1. Homework Statement
Calculate the resultant electric field acting on some point $x$. The electric field is generated by a long thin rod and the line charge density is given. $p_l=\frac{dQ}{dL}$

Homework Equations

3. The Attempt at a Solution [/B]
I have uploaded two images, one of the problem and one of my solution. My problem is the following. When i calculate the $dL$ part my solutions differs from the one given in the book. Can someone take a look at the?
just a little edit: in the picture you see $pldl$it is actually $p_ldl$

 

[Simon Bridge]

You seem to be defining dl to be the length of the line segment between $z$ and $z+dz$ (top diagram) ... but surely that is just $dz$? Why change the name?
Looking at your dl then ... actually I think that may work ... you'd get $dl = x\;d\alpha / \cos^2\alpha$ or something...
Some of the other expressions in the first pic do not work... like $r\; d\alpha \cos\alpha = dl$ is not true, and I don't see how you did $r=\sqrt{\alpha_0^2+z^2}$

Why are you trying to do the integration wrt $\alpha$ anyway?

Go back a bit: at position x, the radial component of the field due to charge $dq$ between $z$ and $z+dz$ is:
$dE_x = (dq/r^2)\cos\alpha$ (using your diagrams).
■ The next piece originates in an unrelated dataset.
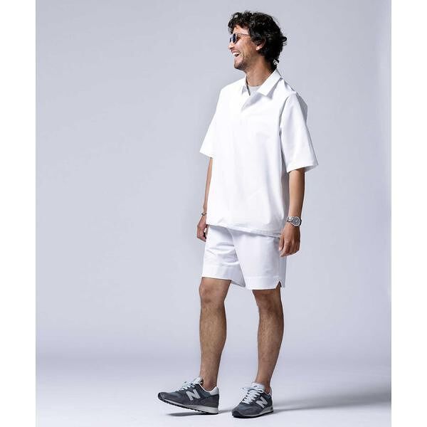 - 3点 WEB限定 セットアップ nano universe SHELTECH 快適男 プランサープルオーバーシャツ スラックス ショーツ ネイビー ワイシャツ S XL

Notice that $\cos\alpha = x/r$, $r^2=x^2+z^2$, and $dq = \lambda\; dz$
... where $\lambda$ is the linear charge density. now the calculation is easy to set up.

 

[diredragon]

You seem to be defining dl to be the length of the line segment between $z$ and $z+dz$ (top diagram) ... but surely that is just $dz$? Why change the name?
Looking at your dl then ... actually I think that may work ... you'd get $dl = x\;d\alpha / \cos^2\alpha$ or something...
Some of the other expressions in the first pic do not work... like $r\; d\alpha \cos\alpha = dl$ is not true, and I don't see how you did $r=\sqrt{\alpha_0^2+z^2}$

Why are you trying to do the integration wrt $\alpha$ anyway?

Go back a bit: at position x, the radial component of the field due to charge $dq$ between $z$ and $z+dz$ is:
$dE_x = (dq/r^2)\cos\alpha$ (using your diagrams).

Notice that $\cos\alpha = x/r$, $r^2=x^2+z^2$, and $dq = \lambda\; dz$
... where $\lambda$ is the linear charge density. now the calculation is easy to set up.

Oh yeah i see..i was looking at the small segment wrong and that's $x_0$ in the square root, I just wrote it funny, sorry bout that and thanks! :)